Siyaset ve ben? Beni gözünüzde çok büyütüyorsunuz! Ben evet, kâh aylarca günde 18 saat çok sıkı çalışan, ama bazen de üç ay kıpırdamadan plajda yatan biriyim! Kafama göre takılmayı, partileri, bazen günlerce eve kapanıp uyumayı, seyahatlerde bütün gün sokakta dolaşmayı severim. Bazen bir hafta durmadan senaryo yazar, güpegündüz hayal kurar, ara sıra çalışmaktan, bazen tatilden, seyrek de olsa yalnızlıktan, durduk yerde sosyallikten sıkılırım. Sağım solum, o günkü mood’um belli olmaz. Siz sanıyorsunuz komedinin CEO’suyum, oysa ben bazı günler ruhen “mizahın divası”yım! “KİŞİLİĞİMDEN DİŞİLİĞİMİ GÖREMİYORSUNUZ”* Mesela son yıllarda biraz gayriciddilik arıyorum. Fiziğimle gündeme gelmek istiyorum örneğin! Evet ne var? Yetti ya hep meslek hep meslek!

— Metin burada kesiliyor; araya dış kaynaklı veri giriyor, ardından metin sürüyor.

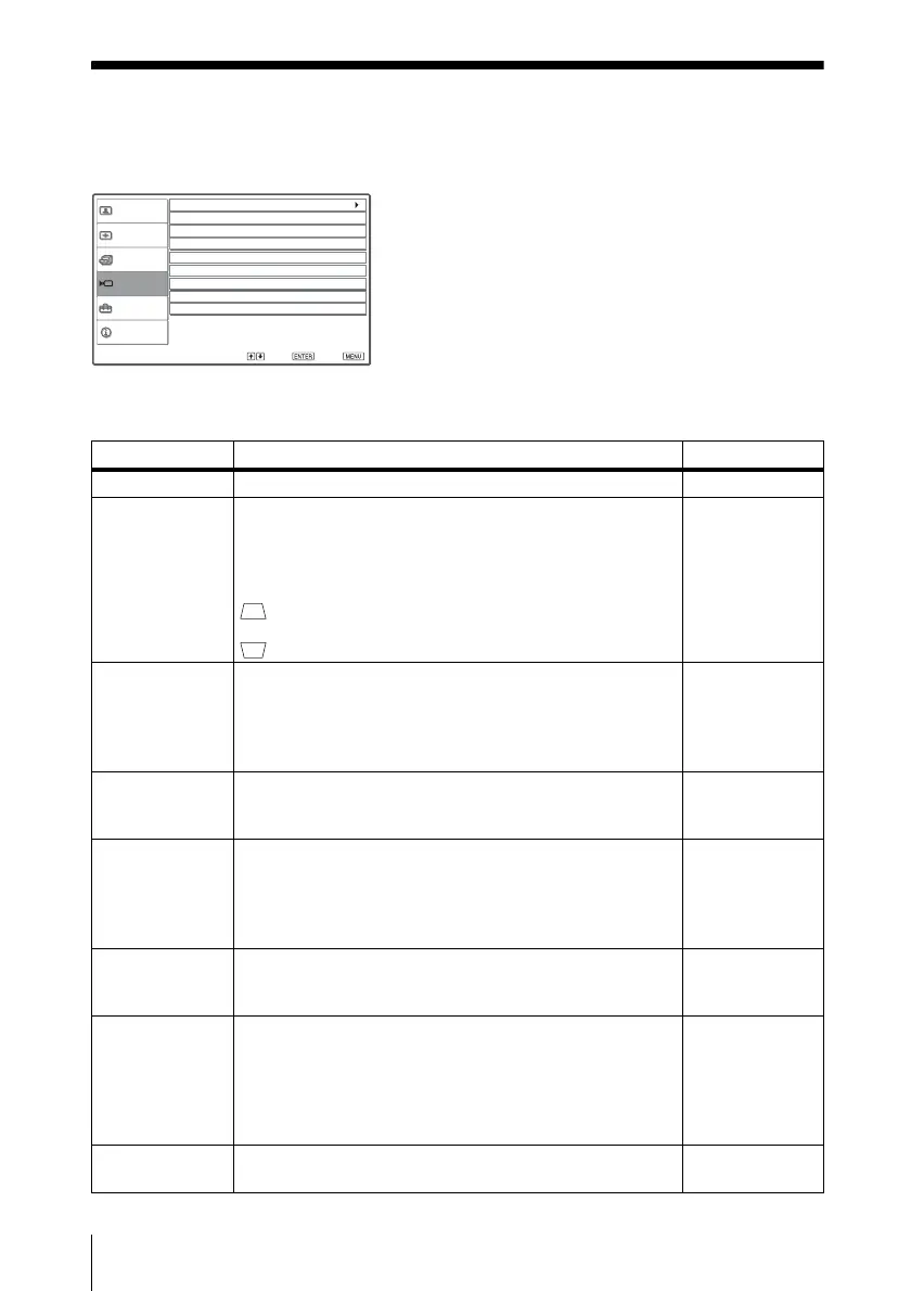 Tilt... Adjusts the position (height) of the projected picture.
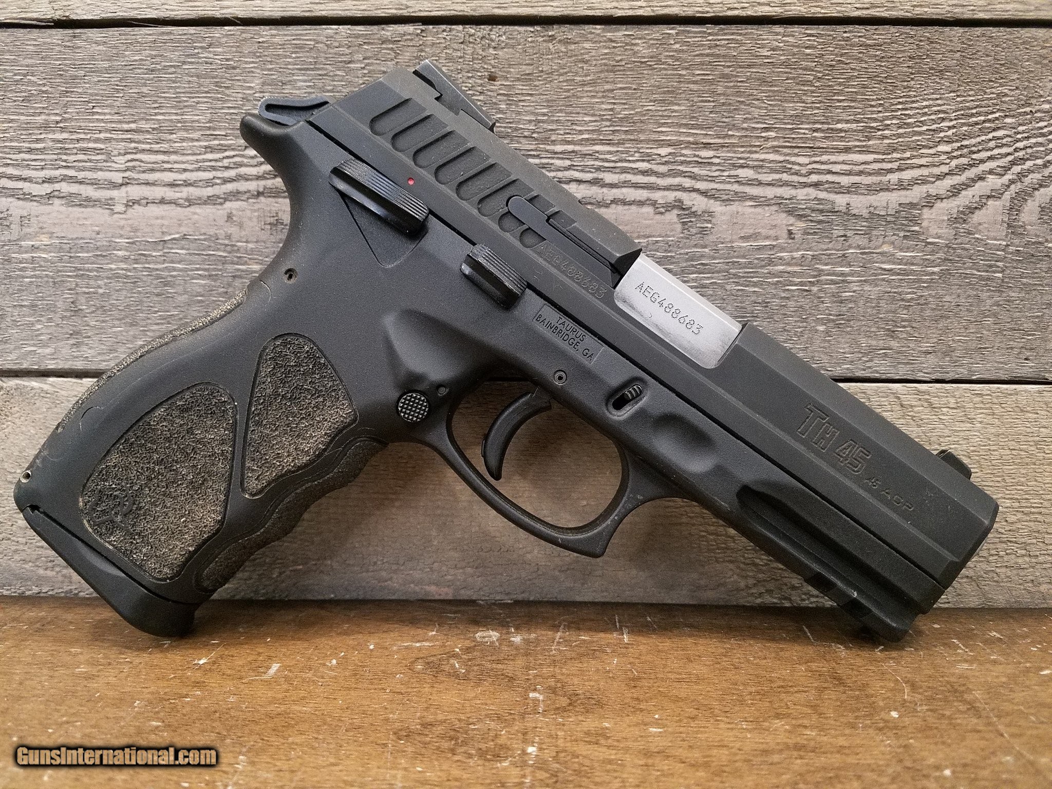 Description: Guns Listing ID: 578429 Taurus TH45 — .45 ACP The Taurus TH45 is a compact, striker-fired .45 ACP pistol engineered for reliable everyday carry and defensive use. Combining stout .45 caliber performance with refined ergonomics and modern features, the TH45 offers controllable recoil, solid capacity, and user-friendly controls in a concealable package. Key Features Striker-fired action for consistent trigger pull and reliable operation. Compact 4.25 inch barrel that balances concealability with effective ballistic performance. Ergonomic polymer frame with textured grip surfaces for secure handling and natural pointability. Low-profile sights for fast target acquisition and reduced snag during draw. Ambidextrous or reversible controls to accommodate left- and right-handed shooters. Accessory rail for lights or lasers and enhanced slide serrations for positive manipulation. Robust construction and corrosion-resistant finishes for long service life. Specifications Caliber: .45 ACP Barrel Length: 4.25 in Magazine Capacity: 13 plus 1 Frame: Polymer Slide: Steel with corrosion-resistant finish Sights: Low-profile, factory standard Overall Length: Approximately 7.5 in depending on configuration Weight: Approximately 25 to 30 ounces unloaded depending on configuration and materials UPC: No UPC available Part Number: No part number provided Compact, powerful, and built for dependable carry, the Taurus TH45 delivers classic .45 ACP performance in a modern, concealable platform. The above listing description was produced with the assistance of AI. While accuracy is our goal, errors may occur. Please contact us with any questions before or purchasing. CONDITION: Condition is determined as visible with the naked eye. We have not used a bore scope or any other special tools. If you have a specific question that I have not covered, please feel free to contact me. I have done my best to capture any visible marks or imperfections on the photos. • Barrel and Action Finish: Very Good • Stock or Grip Finish: Good • Barrel: Very Good • Sights: Good • Magazines: Good - (2) 13 round magazine included. • Box: Good • Overall: Good SOLD Manufacturer: TAURUS Model: TH45 Caliber Info: .45 ACP Condition: Used - Non-Certified Barrels: 4.25" BARREL Action: SEMI AUTOMATIC |

Dergilere filan moda çekimi yapmaya, kapak olmaya bayılıyorum. Şurada üç-beş yıl daha istediğim her şeyi giyebilirken, kâr kârdır. Ama adım çıkmış dokuza inmiyor sekize. Geçen, payetli bir elbise getirdiler çekime. Elbisenin önü kollu butlu, kapalı yakalı, düz mini bir kokteyl elbisesi. Arkası ise yok! Sırt tamamen açık, belin son noktasına kadar. Önden yeşil türbe, arkadan estağfurullah tövbe elbisesi! Fazla mı iddialı bilemedim ama bir deneyelim dedim. O poz bu poz, moda fotoğrafçısı da tanıdık, verdi gazı “Süper süper” diye… Sırttan bir kare çekilmiş ki, ohoo. Elbise değil de sanırsın çok kısa bir etek ve iki eldiven giymişim! El belde, arkamı dönüp, öteki elimi çeneme koyup, dudakları büzüp cazip bir bakış da atmışım. Yav sen kimsin? Mizahın divası desem de değil ki. Gizem Özpamuk bu! Ya herrü ya merrü, o poz yayımlandı! Duramadım, güzel çıkmış, Instagram’a da bastım. İnsan bari bir alev malev atılsın istiyor. Ve fakat ne mümkün. Alttaki yorumlar: “Ülkeyi yönetmesi gereken insan budur!” Ney? Nereden anladınız bunu acaba, simli sırtımdan mı anladınız?! “İşte Cumhuriyet kadını!” Ya beyefendi şu poza bir bakın, Cumhuriyet böyle bir şey mi, rica ediyorum ya? “Tabii, çünkü hanımefendi burada arkasını dönüp bakmış ve eli çenesinde düşünüyor. Yani pozuyla demeye getiriyor ki, geçmişi, arkamızda bıraktığımız mücadeleleri hiç unutmamalıyız!”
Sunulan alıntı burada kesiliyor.